About this task: Copy each entry precisely as written, and do not carry over the pictures.

Stored items

:::::

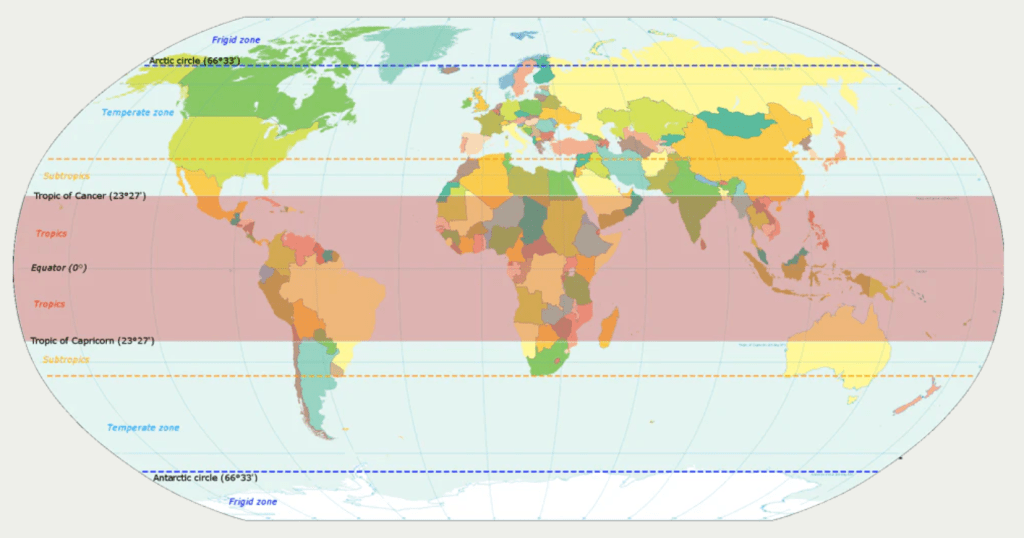 The taste of a cup of coffee is influenced by a myriad of variables – roasting, grinding, brewing – however the fundamental flavour profile is first dictated by the region of growth. Coffee is predominantly grown within a longitudinal window known as the Bean Belt (Figure 1), situated between the tropics, and flavours can be roughly grouped continentally.
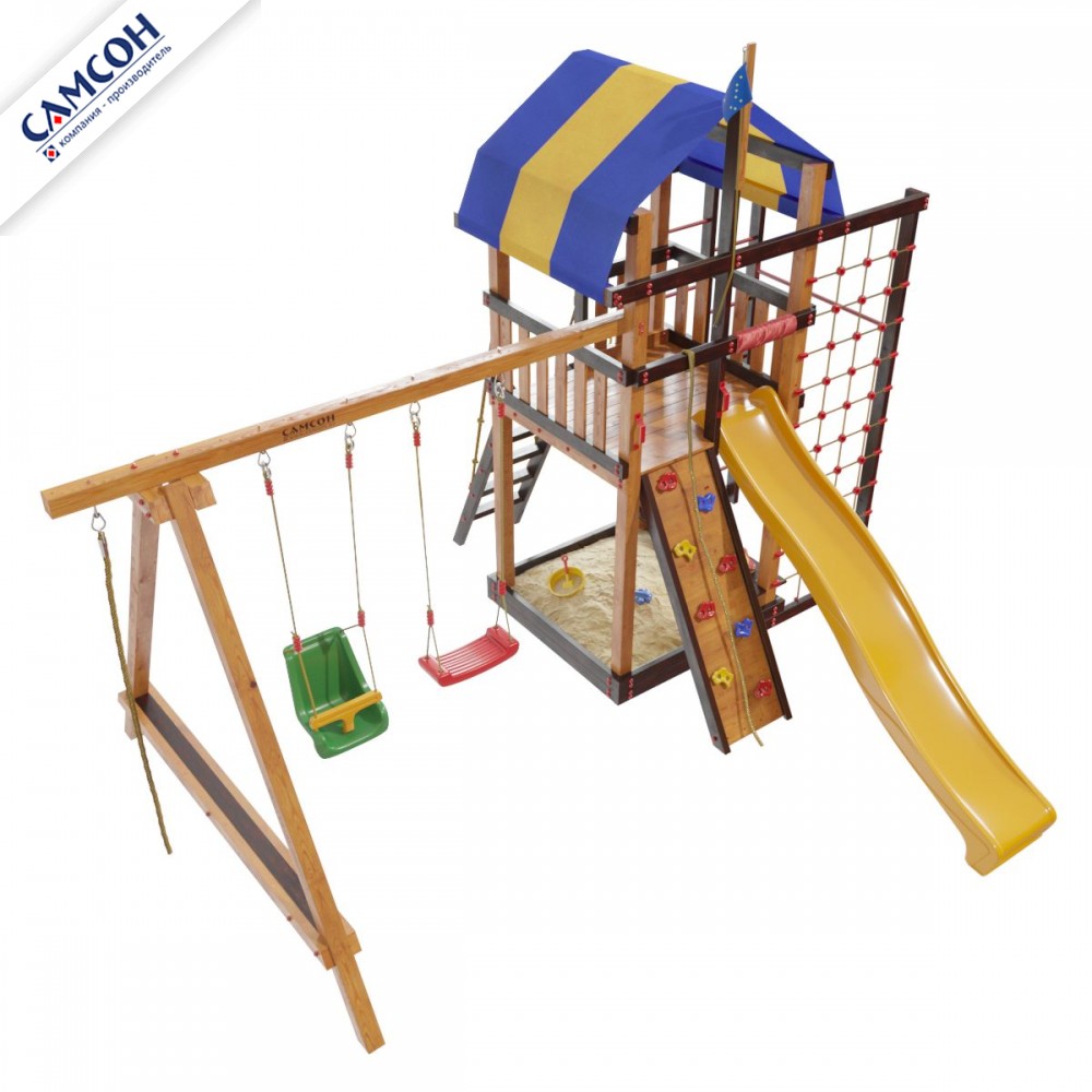 Товар поставляется в разобранном виде. В комплект для самостоятельной сборки входит подробная инструкция по сборке товара. Установка детской игровой площадки проводится на ровной поверхности, свободной от насаждений. Размер площадки не менее 6,7м х 6,2м. Рекомендуем зафиксировать конструкцию используя анкера любой формы.
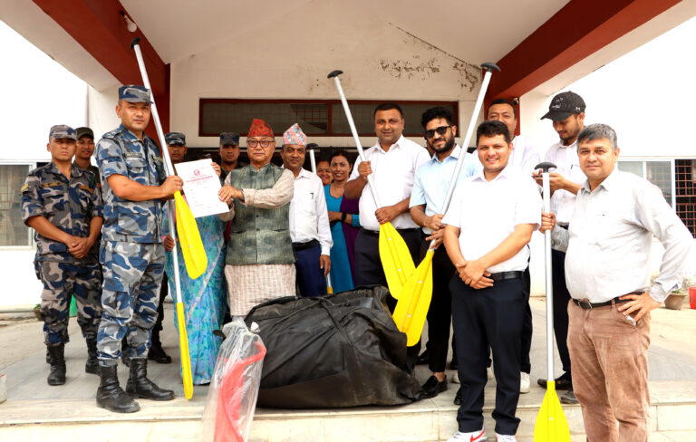 नवलपुर (नवलपरासी), २८ चैत । नवलपरासी (बर्दघाट–सुस्तापूर्व)को गैँडाकोट नगरपालिकाले सशस्त्र प्रहरीलाई विपद् व्यवस्थापन सामग्री प्रदान गरेको छ । मनसुनजन्य विपद्को जोखिममा रहेको गैँडाकोट नगरपालिकाले सशस्त्र प्रहरी बललाई रु पाँच लाख ५० हजार बराबरको ‘र्याफ्टिङ बोट’ सहितको एक सेट सामग्री प्रदान गरेको हो ।
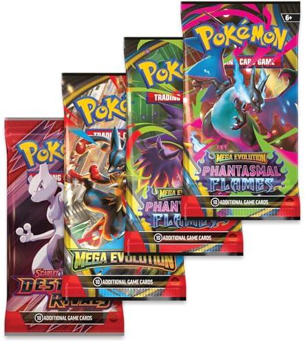 Choose Your Charizard! Under the right conditions—including a strong bond with its Trainer—Charizard can surpass its own limits and Mega Evolve! With this tin, you can choose the raging blue flames of Mega Charizard X ex or the aerial agility of Mega Charizard Y ex, then find more Pokémon inside a handful of booster packs.
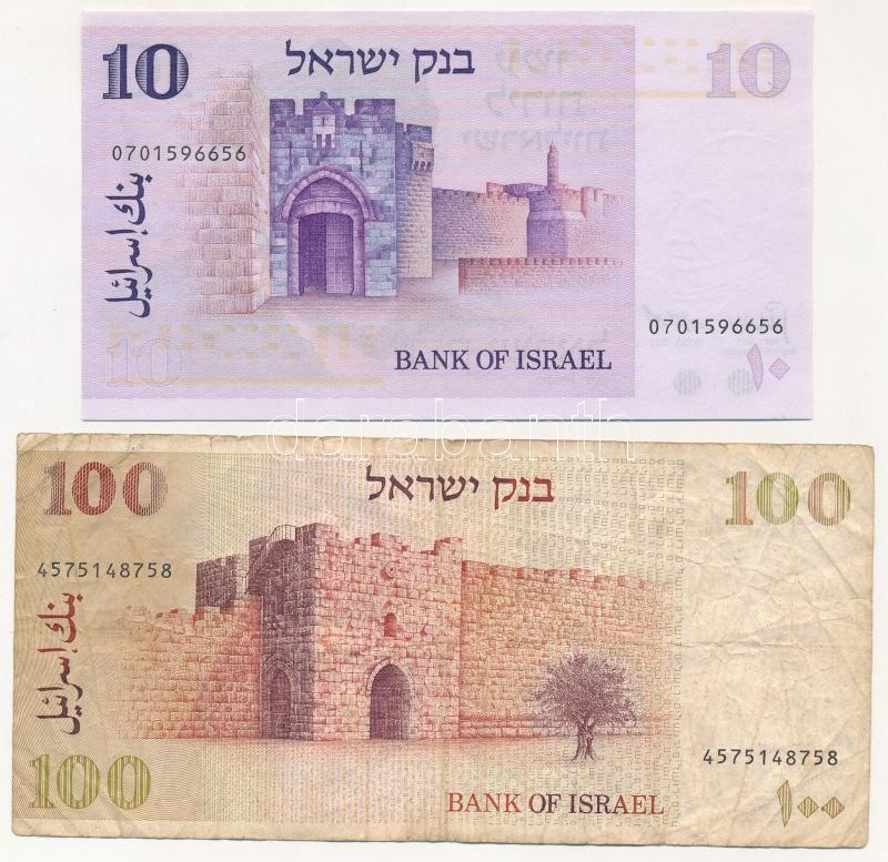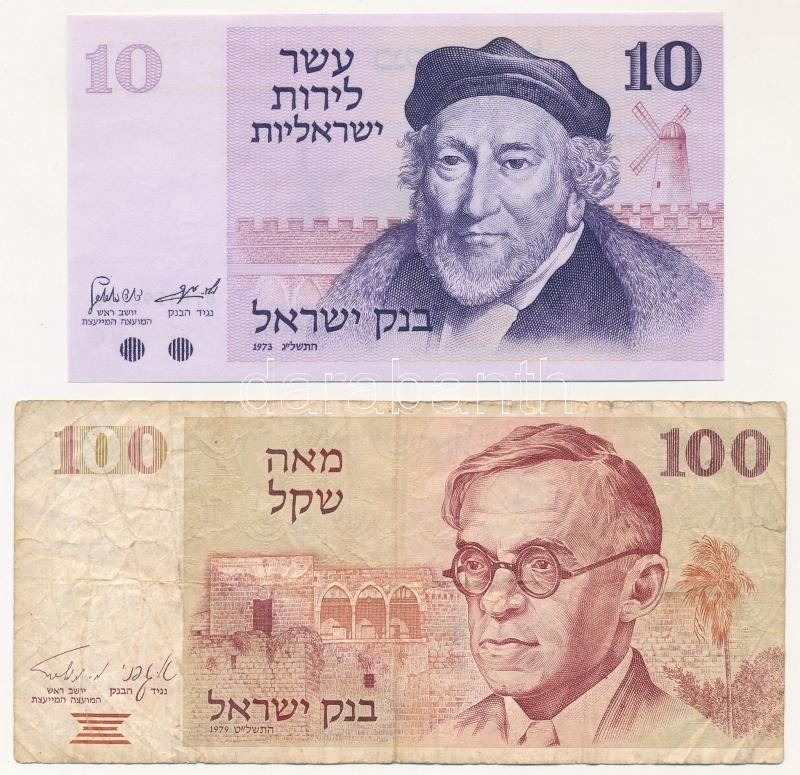 Izrael 1973. 10L + 1979. 100Sh T:I,III Israel 1973. 10 Lirot + 1979. 100 Sheqalim C:UNC,F Krause 39.a
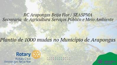 As mudas serão doadas por uma empresa parceira do Rotary Club Arapongas Beija Flor e o mesmo fará a doação para a SEASPMA - Secretaria de Agricultura, Serviços públicos e Meio Ambiente.
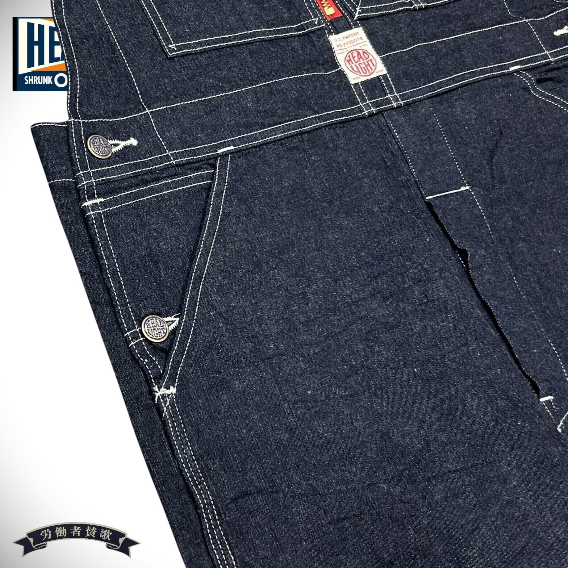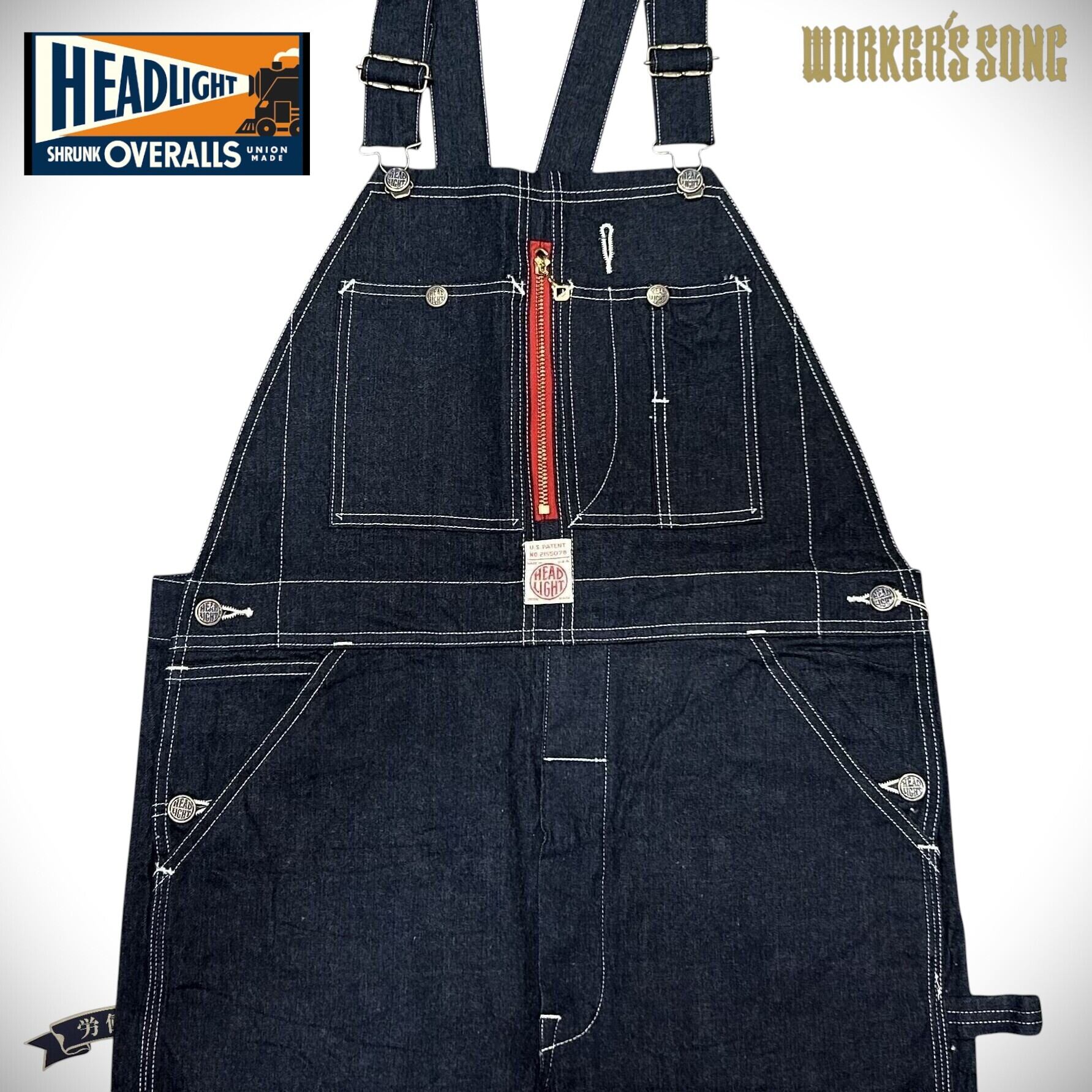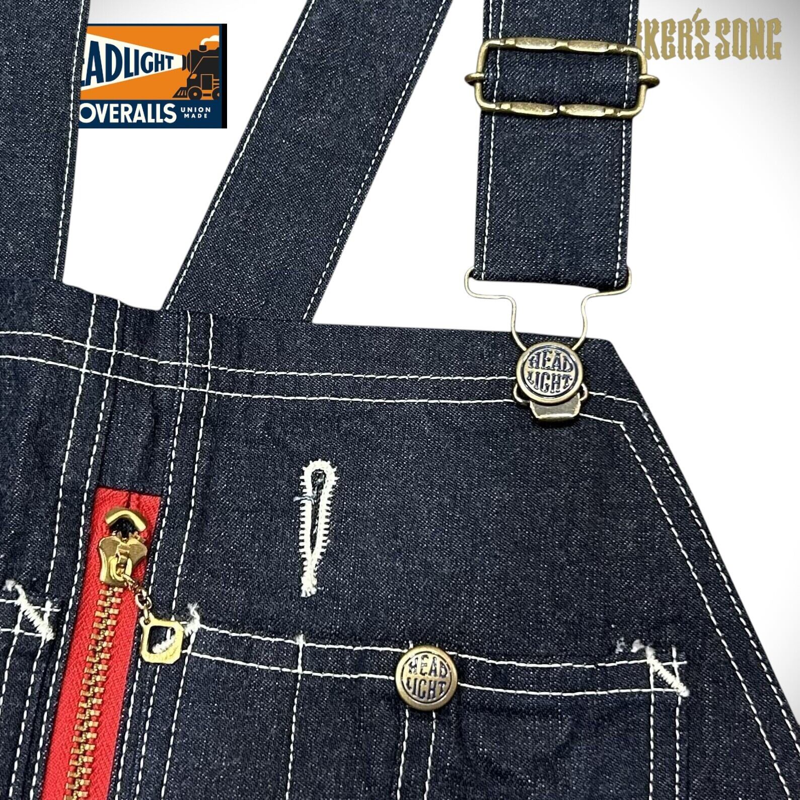 ヘッドライト 11oz.ブルー デニム ローバック オーバーオール アメカジ 鉄道員 HD42554 421)ネイビー

:::::

Answer for this exercise:
 The taste of a cup of coffee is influenced by a myriad of variables – roasting, grinding, brewing – however the fundamental flavour profile is first dictated by the region of growth. Coffee is predominantly grown within a longitudinal window known as the Bean Belt (Figure 1), situated between the tropics, and flavours can be roughly grouped continentally.
 Товар поставляется в разобранном виде. В комплект для самостоятельной сборки входит подробная инструкция по сборке товара. Установка детской игровой площадки проводится на ровной поверхности, свободной от насаждений. Размер площадки не менее 6,7м х 6,2м. Рекомендуем зафиксировать конструкцию используя анкера любой формы.
 नवलपुर (नवलपरासी), २८ चैत । नवलपरासी (बर्दघाट–सुस्तापूर्व)को गैँडाकोट नगरपालिकाले सशस्त्र प्रहरीलाई विपद् व्यवस्थापन सामग्री प्रदान गरेको छ । मनसुनजन्य विपद्को जोखिममा रहेको गैँडाकोट नगरपालिकाले सशस्त्र प्रहरी बललाई रु पाँच लाख ५० हजार बराबरको ‘र्याफ्टिङ बोट’ सहितको एक सेट सामग्री प्रदान गरेको हो ।
 Choose Your Charizard! Under the right conditions—including a strong bond with its Trainer—Charizard can surpass its own limits and Mega Evolve! With this tin, you can choose the raging blue flames of Mega Charizard X ex or the aerial agility of Mega Charizard Y ex, then find more Pokémon inside a handful of booster packs.
 Izrael 1973. 10L + 1979. 100Sh T:I,III Israel 1973. 10 Lirot + 1979. 100 Sheqalim C:UNC,F Krause 39.a
 As mudas serão doadas por uma empresa parceira do Rotary Club Arapongas Beija Flor e o mesmo fará a doação para a SEASPMA - Secretaria de Agricultura, Serviços públicos e Meio Ambiente.
 ヘッドライト 11oz.ブルー デニム ローバック オーバーオール アメカジ 鉄道員 HD42554 421)ネイビー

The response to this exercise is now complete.